## Exercise aim
Go through the listing below and return each line that includes "with".

## Provided entries
-----

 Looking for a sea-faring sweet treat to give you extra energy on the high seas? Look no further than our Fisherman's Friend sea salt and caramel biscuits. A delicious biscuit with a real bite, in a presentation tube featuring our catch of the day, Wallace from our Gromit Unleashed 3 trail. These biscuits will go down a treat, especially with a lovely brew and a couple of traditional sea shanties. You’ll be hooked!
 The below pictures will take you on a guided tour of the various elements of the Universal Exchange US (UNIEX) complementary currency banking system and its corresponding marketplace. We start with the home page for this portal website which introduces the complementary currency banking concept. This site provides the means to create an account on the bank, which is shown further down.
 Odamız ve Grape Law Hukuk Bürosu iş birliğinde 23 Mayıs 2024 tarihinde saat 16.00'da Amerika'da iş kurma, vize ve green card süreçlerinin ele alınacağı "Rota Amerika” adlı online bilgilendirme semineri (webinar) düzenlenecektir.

-----

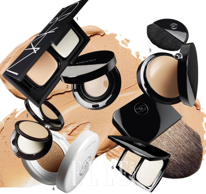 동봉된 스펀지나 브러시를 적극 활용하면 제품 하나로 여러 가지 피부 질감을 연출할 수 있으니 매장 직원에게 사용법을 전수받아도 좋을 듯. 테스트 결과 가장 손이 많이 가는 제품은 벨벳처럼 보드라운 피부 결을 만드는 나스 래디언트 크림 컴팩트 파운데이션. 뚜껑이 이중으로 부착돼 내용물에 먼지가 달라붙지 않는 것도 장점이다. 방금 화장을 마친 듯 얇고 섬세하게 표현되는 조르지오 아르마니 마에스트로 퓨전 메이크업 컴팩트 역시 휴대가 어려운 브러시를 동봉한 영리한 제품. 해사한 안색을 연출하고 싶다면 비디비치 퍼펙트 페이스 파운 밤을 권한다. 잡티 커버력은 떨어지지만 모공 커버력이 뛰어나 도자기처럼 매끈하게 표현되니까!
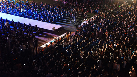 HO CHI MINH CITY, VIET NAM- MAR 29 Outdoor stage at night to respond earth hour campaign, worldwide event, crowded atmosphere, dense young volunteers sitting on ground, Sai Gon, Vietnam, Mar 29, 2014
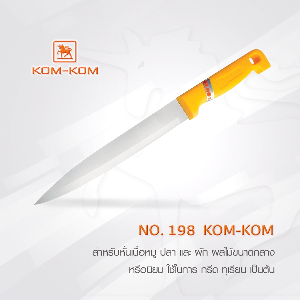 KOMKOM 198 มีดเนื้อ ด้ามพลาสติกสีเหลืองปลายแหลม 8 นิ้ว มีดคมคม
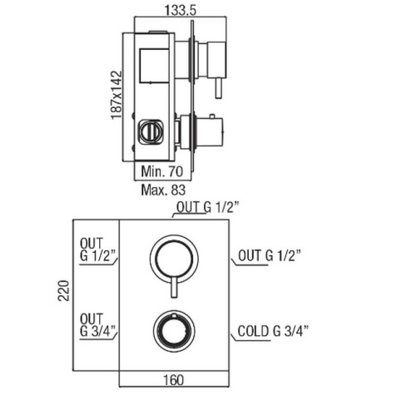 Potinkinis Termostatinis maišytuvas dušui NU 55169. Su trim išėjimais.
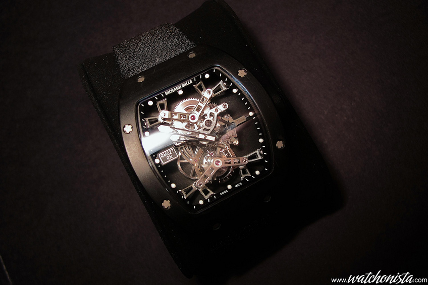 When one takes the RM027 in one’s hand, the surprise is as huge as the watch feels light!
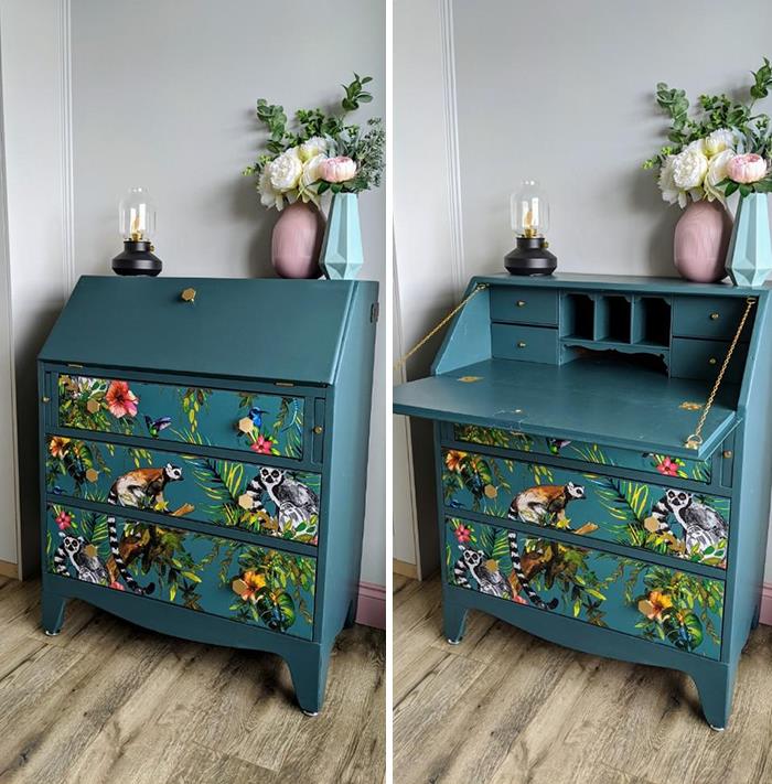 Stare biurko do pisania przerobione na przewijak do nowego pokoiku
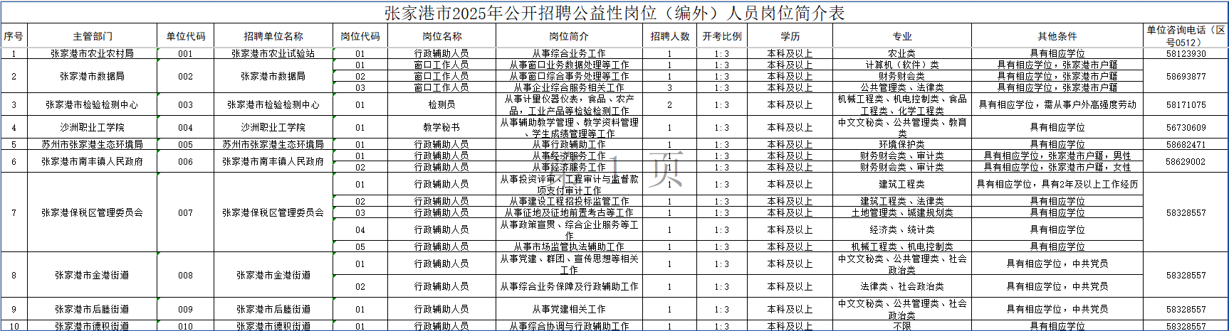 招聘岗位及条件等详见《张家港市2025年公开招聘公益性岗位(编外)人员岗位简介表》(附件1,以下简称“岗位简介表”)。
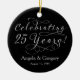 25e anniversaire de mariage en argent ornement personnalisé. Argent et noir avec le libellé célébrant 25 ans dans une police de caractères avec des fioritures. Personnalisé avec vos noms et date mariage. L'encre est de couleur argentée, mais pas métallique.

-----

## Result for this task
 Looking for a sea-faring sweet treat to give you extra energy on the high seas? Look no further than our Fisherman's Friend sea salt and caramel biscuits. A delicious biscuit with a real bite, in a presentation tube featuring our catch of the day, Wallace from our Gromit Unleashed 3 trail. These biscuits will go down a treat, especially with a lovely brew and a couple of traditional sea shanties. You’ll be hooked!
 The below pictures will take you on a guided tour of the various elements of the Universal Exchange US (UNIEX) complementary currency banking system and its corresponding marketplace. We start with the home page for this portal website which introduces the complementary currency banking concept. This site provides the means to create an account on the bank, which is shown further down.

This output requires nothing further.